Exercise directions: Begin at the line below that holds "- Blue Light" and end at the line that holds "Red hair tattooed", transcribing each line exactly and skipping any picture.

[Working data]

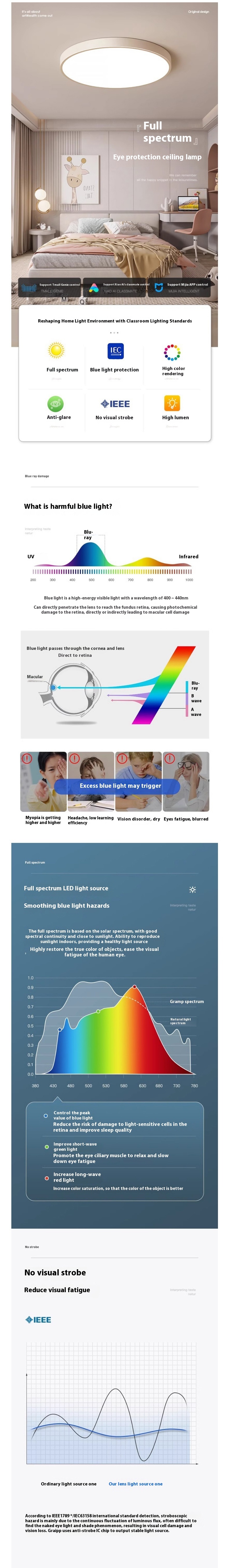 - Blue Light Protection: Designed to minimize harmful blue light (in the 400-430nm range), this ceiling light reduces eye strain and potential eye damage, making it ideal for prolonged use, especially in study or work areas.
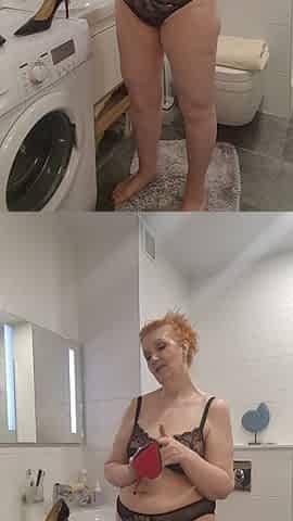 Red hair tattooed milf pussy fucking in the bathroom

[/Working data]
[Working data]

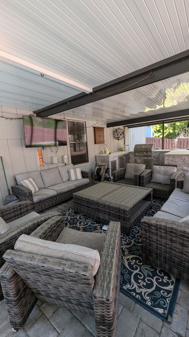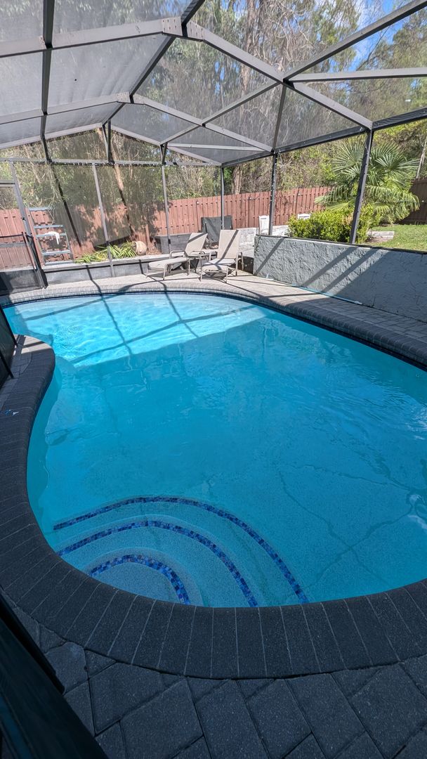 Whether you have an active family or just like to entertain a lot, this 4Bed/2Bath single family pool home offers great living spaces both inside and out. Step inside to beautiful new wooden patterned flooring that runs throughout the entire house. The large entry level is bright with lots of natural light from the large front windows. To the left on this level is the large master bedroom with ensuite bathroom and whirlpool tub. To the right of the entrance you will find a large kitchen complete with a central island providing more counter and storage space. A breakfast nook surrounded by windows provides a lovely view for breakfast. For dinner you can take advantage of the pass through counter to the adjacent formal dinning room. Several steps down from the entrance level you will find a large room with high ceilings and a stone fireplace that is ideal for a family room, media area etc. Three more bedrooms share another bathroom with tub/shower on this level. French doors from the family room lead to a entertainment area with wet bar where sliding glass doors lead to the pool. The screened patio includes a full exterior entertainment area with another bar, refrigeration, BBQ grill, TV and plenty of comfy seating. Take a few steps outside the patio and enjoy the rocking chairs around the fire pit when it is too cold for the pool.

[/Working data]

The answer:
 - Blue Light Protection: Designed to minimize harmful blue light (in the 400-430nm range), this ceiling light reduces eye strain and potential eye damage, making it ideal for prolonged use, especially in study or work areas.
 Red hair tattooed milf pussy fucking in the bathroom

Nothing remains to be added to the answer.